L’imbarazzo è in parte attenuato dalla promessa di un altro arrivo, quello di Faramund, padre spirituale dell’assassinato che, in realtà, non è il vero sacerdote, ma lo stesso Oetsch travestito, intenzionato a smascherare il colpevole. L’omicida, alla fine, verrà fuori: è il barone Safferstatt, che ha ucciso per liberare la baronessa da un matrimonio infelice. Il suo atto lo indurrà al suicidio.
Più che la trama, però, ciò che conta sono le atmosfere create grazie alla scenografia del geniale Hermann Warm, che alternava scenari realistici a quadri espressionisti, e alla scrittura efficace di Carl Mayer, che con Murnau frammentò lo spazio per isolare i personaggi nel loro tormento interiore, e mostrare la totale assenza di rapporti interpersonali tra gli ospiti del castello, entità uniche e distinte, calate in un clima sospeso, angoscioso, paralizzante, carico di terrore.

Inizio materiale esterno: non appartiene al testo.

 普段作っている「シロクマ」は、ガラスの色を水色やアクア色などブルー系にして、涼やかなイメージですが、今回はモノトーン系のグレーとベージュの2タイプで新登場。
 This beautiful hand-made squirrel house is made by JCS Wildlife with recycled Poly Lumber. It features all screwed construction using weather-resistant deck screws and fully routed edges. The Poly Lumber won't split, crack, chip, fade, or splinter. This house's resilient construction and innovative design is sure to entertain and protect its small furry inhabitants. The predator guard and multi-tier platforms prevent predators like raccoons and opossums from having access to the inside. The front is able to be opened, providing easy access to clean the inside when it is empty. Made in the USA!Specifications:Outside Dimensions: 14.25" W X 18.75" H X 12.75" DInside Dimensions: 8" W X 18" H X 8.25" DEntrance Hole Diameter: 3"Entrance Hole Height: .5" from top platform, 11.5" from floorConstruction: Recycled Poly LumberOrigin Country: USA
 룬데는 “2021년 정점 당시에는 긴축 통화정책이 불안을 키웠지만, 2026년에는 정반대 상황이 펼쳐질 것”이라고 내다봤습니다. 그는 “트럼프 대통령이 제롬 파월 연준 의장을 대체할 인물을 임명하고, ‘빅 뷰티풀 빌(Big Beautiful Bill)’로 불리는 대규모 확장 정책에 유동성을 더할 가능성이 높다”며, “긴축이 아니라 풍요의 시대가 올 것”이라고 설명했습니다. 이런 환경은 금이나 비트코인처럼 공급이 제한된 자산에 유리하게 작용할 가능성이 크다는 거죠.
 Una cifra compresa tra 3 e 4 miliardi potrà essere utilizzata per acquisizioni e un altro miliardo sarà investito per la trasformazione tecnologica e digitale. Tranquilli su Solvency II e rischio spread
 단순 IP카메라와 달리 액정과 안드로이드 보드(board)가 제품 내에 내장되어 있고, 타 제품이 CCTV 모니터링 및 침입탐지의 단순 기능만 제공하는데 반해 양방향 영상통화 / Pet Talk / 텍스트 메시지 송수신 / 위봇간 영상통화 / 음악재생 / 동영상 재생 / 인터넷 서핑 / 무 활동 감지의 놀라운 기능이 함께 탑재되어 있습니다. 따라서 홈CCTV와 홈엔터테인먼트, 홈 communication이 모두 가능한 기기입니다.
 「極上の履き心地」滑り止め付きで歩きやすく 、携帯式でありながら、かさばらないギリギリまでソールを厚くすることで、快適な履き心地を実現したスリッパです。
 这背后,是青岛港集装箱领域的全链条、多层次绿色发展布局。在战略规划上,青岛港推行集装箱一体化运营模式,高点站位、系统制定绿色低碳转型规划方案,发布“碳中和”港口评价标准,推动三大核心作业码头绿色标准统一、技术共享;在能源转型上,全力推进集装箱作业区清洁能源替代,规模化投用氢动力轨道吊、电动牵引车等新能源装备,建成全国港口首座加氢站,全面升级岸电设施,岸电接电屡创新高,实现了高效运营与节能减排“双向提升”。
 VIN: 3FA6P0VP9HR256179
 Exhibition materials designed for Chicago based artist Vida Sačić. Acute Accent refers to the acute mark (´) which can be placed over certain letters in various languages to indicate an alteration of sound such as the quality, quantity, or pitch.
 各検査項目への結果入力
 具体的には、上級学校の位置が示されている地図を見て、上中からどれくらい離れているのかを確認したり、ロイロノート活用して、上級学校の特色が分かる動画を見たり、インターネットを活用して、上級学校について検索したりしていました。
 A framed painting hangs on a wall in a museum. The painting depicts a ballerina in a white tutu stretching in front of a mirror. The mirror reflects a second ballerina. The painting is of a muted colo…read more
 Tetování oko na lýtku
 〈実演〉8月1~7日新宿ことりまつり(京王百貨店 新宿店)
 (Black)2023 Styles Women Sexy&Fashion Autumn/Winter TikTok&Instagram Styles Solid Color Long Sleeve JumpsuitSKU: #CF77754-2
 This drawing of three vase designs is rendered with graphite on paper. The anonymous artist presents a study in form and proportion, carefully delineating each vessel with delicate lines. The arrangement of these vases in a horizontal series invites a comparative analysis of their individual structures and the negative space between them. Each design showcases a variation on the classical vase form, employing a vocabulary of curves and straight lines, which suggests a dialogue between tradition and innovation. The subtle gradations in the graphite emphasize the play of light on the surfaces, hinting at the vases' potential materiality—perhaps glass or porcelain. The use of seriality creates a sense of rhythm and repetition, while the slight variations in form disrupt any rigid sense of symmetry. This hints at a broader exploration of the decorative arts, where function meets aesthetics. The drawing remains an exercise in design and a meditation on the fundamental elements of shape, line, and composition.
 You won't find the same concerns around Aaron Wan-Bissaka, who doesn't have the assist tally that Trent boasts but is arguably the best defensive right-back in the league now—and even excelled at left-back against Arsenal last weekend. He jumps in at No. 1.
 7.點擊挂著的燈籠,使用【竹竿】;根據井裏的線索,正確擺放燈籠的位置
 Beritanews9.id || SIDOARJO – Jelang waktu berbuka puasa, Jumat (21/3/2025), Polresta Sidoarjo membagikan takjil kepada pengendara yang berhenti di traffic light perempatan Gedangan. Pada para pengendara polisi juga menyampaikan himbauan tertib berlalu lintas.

Anche l’arrivo dell’“altro” rappresenta ciò che turba la quiete ma, allo stesso tempo, quell’elemento capace di svelare la menzogna e far trionfare la verità.
Non a caso, nel film, sorprende proprio la messa in scena, che a partire da una narrazione ordinaria, ricavata da un romanzo di Rudolf Stratz, è sconvolta proprio da codici secondari come la scenografia, la fotografia, la pittura; così come in questo spettacolo diventano indispensabili i Marlene Kuntz, capaci di creare quegli ambienti ipnotizzanti, trasognanti e irreali, tipici dei film di Murnau.
Resta, tuttavia, un’ulteriore domanda: a che si deve la scelta di un film degli anni ’20 dello scorso secolo e quali, se esistono, sono i parallelismi con la contemporaneità?
Santamaria sostiene che ci sono sempre analogie col passato, ma non azzarda confronti. Tuttavia, non si può non constatare quanto il contesto storico di quel periodo abbia determinato la psicologia dei personaggi e quanto serva ripercorrerlo per orientarsi nel flusso delle emozioni scaturite dal film.
Siamo nella fragile repubblica di Weimar, in un momento di grandi tensioni, conflitti economici e sociali, in cui la Germania, umiliata nella Prima guerra mondiale, vive un profondo sconvolgimento, che si riflette nell’inconscio collettivo.
L’incomunicabilità, l’isolamento, la coscienza di un’esistenza illusoria e caduca sono i temi che interessano gli artisti dell’epoca.
Ebbene, quella moltitudine atomizzata che descrive Murnau assomiglia un po’ alla nostra, a quella che appare come una democrazia tradita e che nella psiche delle masse suscita l’odio, ben indirizzato dall’alto, verso i più sfruttati.
Si comincia a odiare l’ebreo accanto che ha un negozio concorrente, così come si comincia a odiare il migrante che ci ruba il lavoro. Santamaria dichiara di amare soprattutto Aurora, altro grande film del regista tedesco, sottolineandone l’attualità universale, e forse è meglio sperare con lui che sia l’Aurora a prevalere piuttosto che il buio della ragione.